5.2. When accessing the SaaS Service, you and your Users must:
5.2.1. not impersonate another person or misrepresent authorisation to act on behalf of others or us;
5.2.2. correctly identify the sender of all electronic transmissions;
5.2.3. not attempt to undermine the security or integrity of the Underlying Systems;
5.2.4. not use, or misuse, the SaaS Service in any way which may impair the functionality of the Underlying Systems or impair the ability of any other user to use the SaaS Service;
5.2.5. not attempt to view, access or copy any material or data other than:
5.2.5.1. that which you are authorised to access; and
5.2.5.2. to the extent necessary for you to use the SaaS Service in accordance with these Terms; and
5.2.6. neither use the SaaS Service in a manner, nor transmit, input, store or use any Content, that breaches any third party right (including Intellectual Property Rights and privacy rights) or is Objectionable, incorrect or misleading.
5.3. You are responsible for the creation and operation of your Solution, and its Content, and anything else you input into the Solution, regulatory compliance, alleged or actual violation of applicable laws, or your breach of these Terms of Service. You represent and warrant that your Solution, Content, and services you use through the SaaS Service will be true, accurate, and complete, and will not violate any applicable laws, regulations or rights of third parties. For the avoidance of doubt, we will not be the owner of the Solution you build on the SaaS Service and will have no responsibility for your Solution you operate through the SaaS Service.
5.4. Without limiting clause 5.2, no individual other than your Users may access or use the SaaS Service. You may authorise any member of your personnel to be a User, in which case you must create a user account with the User’s name and other information that we reasonably require in relation to the User. You must procure each User’s compliance with clauses 5.1 and 5.2 and any other reasonable condition notified by us to you.
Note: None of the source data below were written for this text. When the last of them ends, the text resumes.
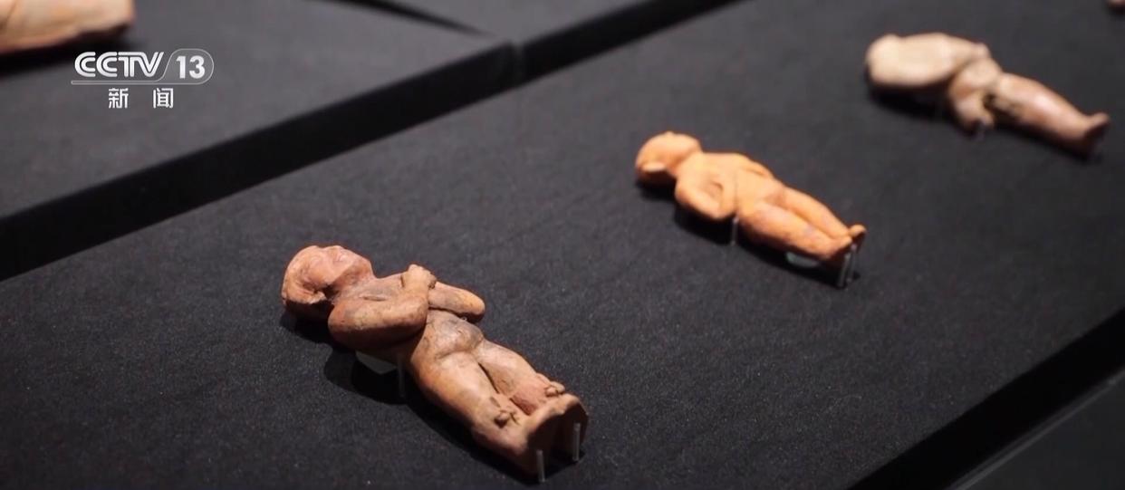 工作人员介绍,女神庙代表的是祖先崇拜。展览选取了不同材质和不同年代的人像,它们有一种非常统一的手势,或者是双手交叠放在胸前,或者是放在腹部。这些人像,代表着西辽河流域祖先崇拜的传承。
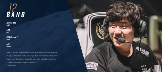 Bang是英雄联盟的王者,但即便是站在顶峰的选手,依然会看起来非常脆弱。Bang一直是出类拔萃的大赛型选手,但在夏季赛他也迷茫过一段时间。如果你胆子够大,就不要期待Bang在世界赛的末尾回到他的巅峰。
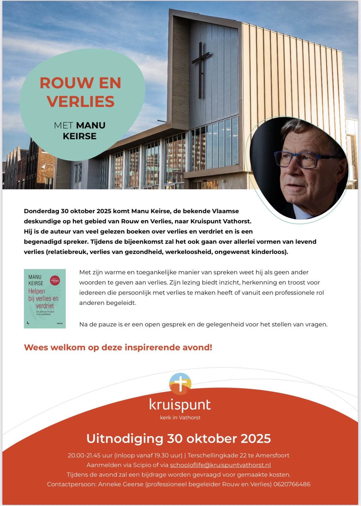 Manu is een bekende Vlaamse deskundige op het gebied van Rouw en Verlies, is auteur van veel gelezen boeken hierover en is een begenadigd spreker.

5.5. You are responsible for making sure your End Users:
5.5.1. do not attempt to undermine the security or integrity of the Underlying Systems
5.5.2. do not use, or misuse, the Solution in any way which may impair the functionality of the Underlying Systems or impair the ability of any other user to use the SaaS Service;
5.5.3. neither use the Solution in a manner, nor transmit, input, store or use any Content, that breaches any third party right (including Intellectual Property Rights and privacy rights) or is Objectionable, incorrect or misleading.
5.6. You must use a working email address when you access the SaaS Service. You acknowledge that the email address you use to create an account or access the SaaS Service with or that you otherwise notify to us from time to time will be used as your primary method for communication with us (“Primary Email Address”). You must monitor your Primary Email Address which must be capable of both sending and receiving messages. It is your responsibility to ensure emails sent by us to you do not land in your spam folder.
5.7. You, your Users and your End Users are responsible for keeping your and their passwords secure. We will not be liable for any loss or damage from your or their failure to maintain the security of your or their Account and password.
5.8. A breach of any of these Terms by your Users or your End Users is deemed to be a breach of these Terms by you.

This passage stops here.